An exact restatement is required. Cover only the lines of the records from the first through the line with "Пион Голландия –", and skip pictures.

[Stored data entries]
※ ※ ※
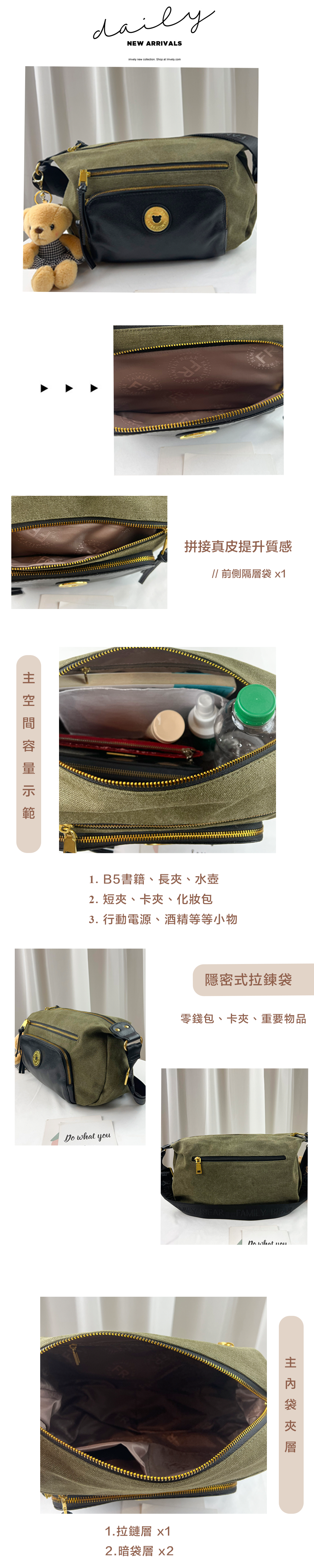 ●  規格:主空間x1  前置收納x2  後測拉鍊x1  內拉鍊袋x1  暗格x2
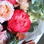 Пион Голландия – 6 шт.Львиный зев – 6 шт.Маттиола – 6 шт.Роза пионовидная – 7 шт.Роза пионовидная кустовая – 3 шт.Гвоздика – 5 шт.Эвкалипт – 9 шт.Бумага – 3 шт.Лента атласная – 2 шт.
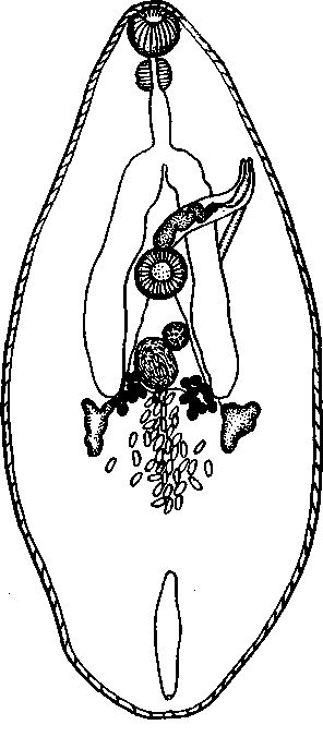 Яичник очень маленький, круглый, с гладкими краями, лежит на небольшом расстоянии позади брюшной присоски, между медианной линией и левым кишечным стволом.
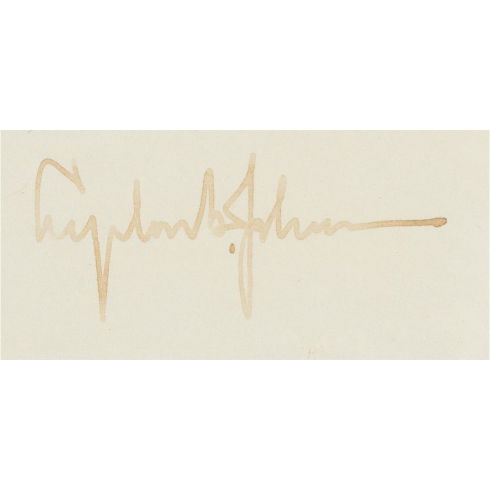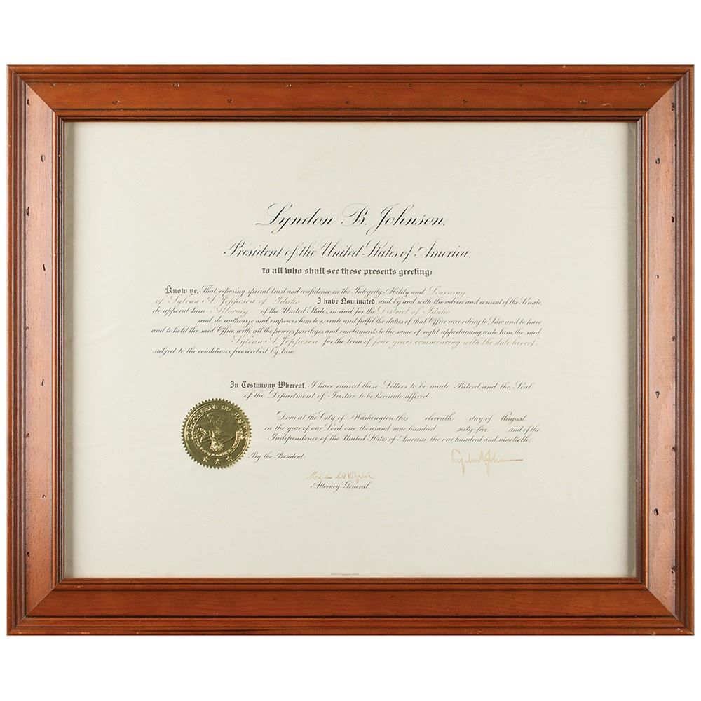 Partly-printed DS as president, one page, 19.5 x 15.5, August 11, 1965. President Johnson appoints Sylvan A. Jeppesen of Idaho as "Attorney of the United States, in and for the District of Idaho." Signed at the conclusion by President Johnson and countersigned by Attorney General Nicholas Katzenbach. The gold foil Department of Justice seal affixed to the lower left remains intact. Framed to an overall size of 23.5 x 19.5. In very good to fine condition, with light overall wrinkling (apparently from mounting), and some fading to the signature.
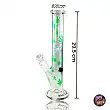 Este bong destaca por su diseño transparente con hojas de marihuana, simbolizando la pureza y naturalidad. La calidad del vidrio garantiza durabilidad y resistencia, mientras que su cámara de hielo es perfecta para enfriar el humo, ofreciendo caladas más suaves y frescas.
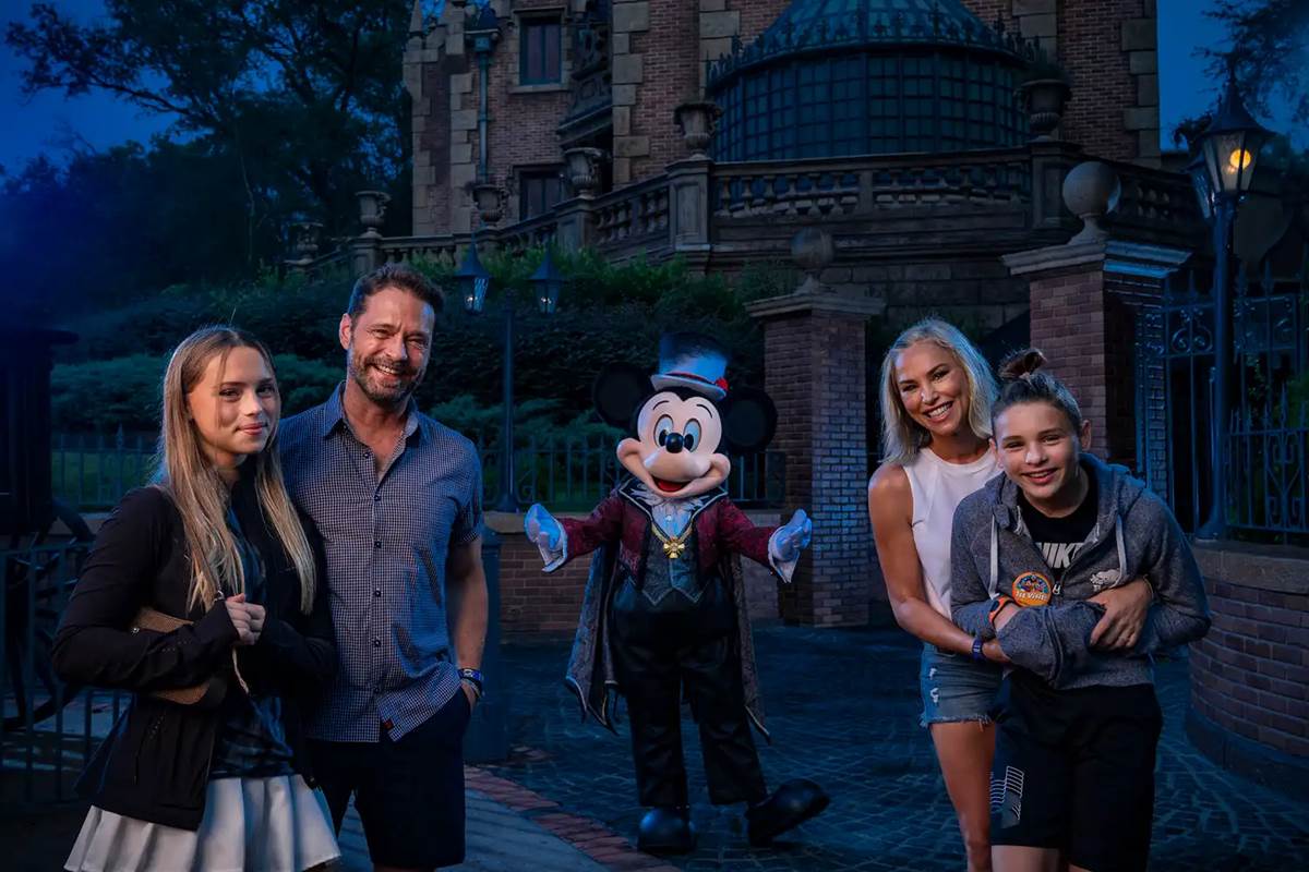 - Priestley, his wife and kids posed for a spooky photo with Mickey Mouse in front of The Haunted Mansion.
※ ※ ※
• [YOUR SOLUTION]:
 ●  規格:主空間x1  前置收納x2  後測拉鍊x1  內拉鍊袋x1  暗格x2
 Пион Голландия – 6 шт.Львиный зев – 6 шт.Маттиола – 6 шт.Роза пионовидная – 7 шт.Роза пионовидная кустовая – 3 шт.Гвоздика – 5 шт.Эвкалипт – 9 шт.Бумага – 3 шт.Лента атласная – 2 шт.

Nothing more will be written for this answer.